Now it gets interesting, making silk purses out of sows ears. The bolt patterns for the motor and pump aren't quite the same but real close. So the plan is to drill and thread the plate for the larger pump mount studs, Loctite them in then, drill and thread those for the motor bolts. HUM


----------



## Grumpy Gator (Apr 29, 2016)

_Heck if it was easy anyone could do it._
_*G*_


----------



## f350ca (Apr 30, 2016)

Finished up the adapta plate. The offsets for the holes were 0.045 out x and y. As planed used loctite on the studs and held them with jam nuts while drilling and threading for the motor bolts.

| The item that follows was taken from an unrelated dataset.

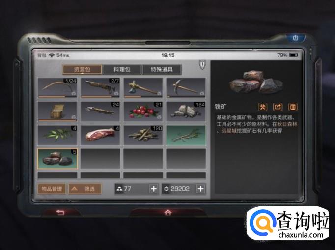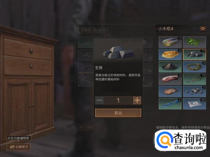 玩家想要获得生铁,首先需要拥有铁矿跟小树枝。游戏中玩家在采集石头的时候有几率获得铁矿。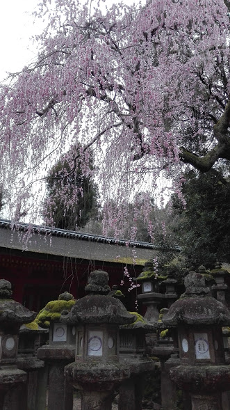 奈良公園は日本さくら名所100選にも選ばれており、1700本もの桜が植えられています。4月の上旬、今の時期はヤマザクラや枝垂れ桜、下旬も九重桜など様々な品種をお楽しみいただけます。左の画像は4月1日の氷室神社の画像、右の画像は本日春日大社で撮影された画像です。枝垂れ桜は見ごろをむかえています。

Not the most conventional method of fastening but it seams to have worked.




Greg


----------



## JimDawson (Apr 30, 2016)

I love the mounting bolt solution, very creative.  I'm gonna have to remember that one.


----------



## f350ca (Apr 30, 2016)

Thanks Jim, we got lucky on that one. I hadn't bothered to grow it out, was afraid the second hole would end up half in the stud and half in the aluminum, would have been a bear to tap.

Greg


----------



## f350ca (Apr 30, 2016)

Have the pump mounted and some of the plumbing done. Need to get to town for some conduit to run a 220 circuit over to it and a couple more fittings.



Greg


----------



## f350ca (May 1, 2016)

Had the pump in the corner of the shop, there was no room for a real, decided coiling the hose would get old and messy quick so today I made a real and moved the pump over too a open part of the wall.




Greg


----------



## f350ca (May 3, 2016)

Decided to use a contractor for the on/off, gives me the option of a pressure switch to turn it off if I want. Needed an enclosure for the relay and 24 volt transformer, Cut it out on the plasma table from a shelf out of some office furniture.



Ran the conduit for the 220 volt line, wasn't sure on the electrical code, think you need a disconnect switch if its more than a few feet from the service panel so went with a plugin rather than hard wire into the box. Finished up the last bit of plumbing on the feed water and its ready to go.
Works great, fairly quiet, better than the little portable I had. Still need to make a holder for a detergent bottle if I decide to use the injector.



Thanks for watching.
Greg


----------



## Terrywerm (May 4, 2016)

Nice project, Greg. Easy to use pressure washers tend to get used more than the ones that are a pain. Getting used more translates into more clean stuff, not a bad thing!


----------



## savarin (May 4, 2016)

Now you can use it to make a pulse jet


----------



## Firestopper (May 4, 2016)

Impressive adaptation Greg, thanks for sharing.


----------